Although Turkish Lira Looks Intimidating Before TCB Policy Meeting, Further Drop Past 15.50 to USD Looks Unlikely
December 13, 2021
We wrote repeatedly about the recent demise of the Turkish lira, caused by Turkey’s Central Bank’s non-conventional monetary policy. Since there was no turnaround in that policy, ever since the dire situation is only getting worse. Today Turkey’s lira tumbled past 14 to the dollar for the first time, leaving the country’s central bank in front of a hard dilemma on whether to keep cutting interest rates this week despite rising inflation. The decline was exacerbated after S&P Global Ratings slashed the outlook on the nation’s sovereign credit rating to negative last Friday, citing risks from the “extreme currency volatility.”
As of today, The lira traded 4.1% lower at 14.24 by 13:15 p.m. CET. The yield on Turkey’s 10-year government bonds soared by 31 basis points to a three-year high at 21.69%. The lira has slumped 48% against the dollar this year and is the worst-performing currency in emerging markets. The central bank announced its fourth market intervention in two weeks, selling dollars from its reserves to the open market.
Although, as we mentioned, the initial trigger for the slump was the sovereign debt outlook downgrade, the risk of further rate cuts later this week makes the whole picture even grimmer as Turkey’s Treasury & Finance Minister Nureddin Nebati told Haberturk newspaper on Sunday that the government remains firm not to raise rates.
The central bank, which has slashed the one-week repo rate by 400 basis points since September to fulfill demands from President Recep Tayyip Erdogan for lower borrowing costs to boost growth, is expected to cut it by an additional 100 basis points to 14% this week during the scheduled Turkish Central Bank’s BoD meeting.

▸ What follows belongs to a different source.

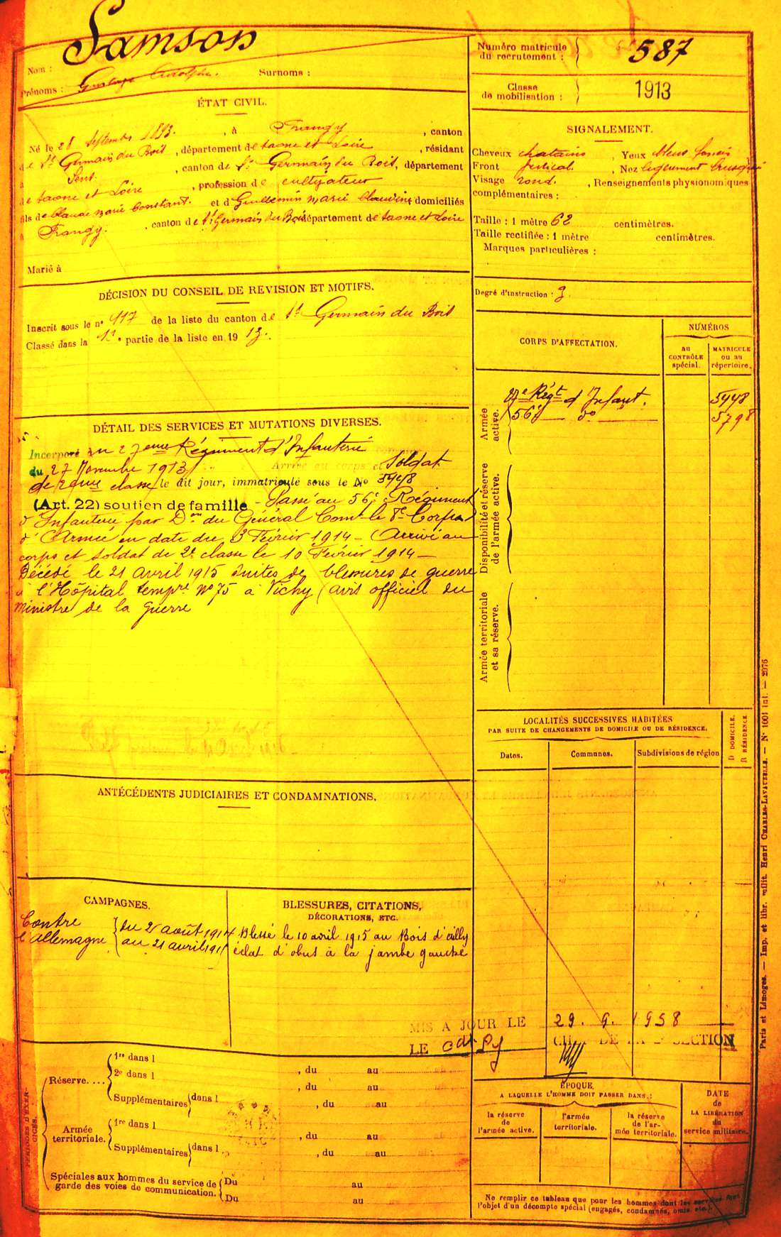 Régiment : 56ème R.I.

The central bank has already cut its policy rate by 400 basis points to 15% since September.
Technically speaking, Turkish lira is in freefall against the USD, but the currencies pair chart shows it has been plateauing lately, so at this point, even though a majority of polled analysts expect no material change to TCB’s stance in terms of its monetary policy direction, the effect of bearish bid saturation may be limiting further lira’s drop by 15–15.5 to USD.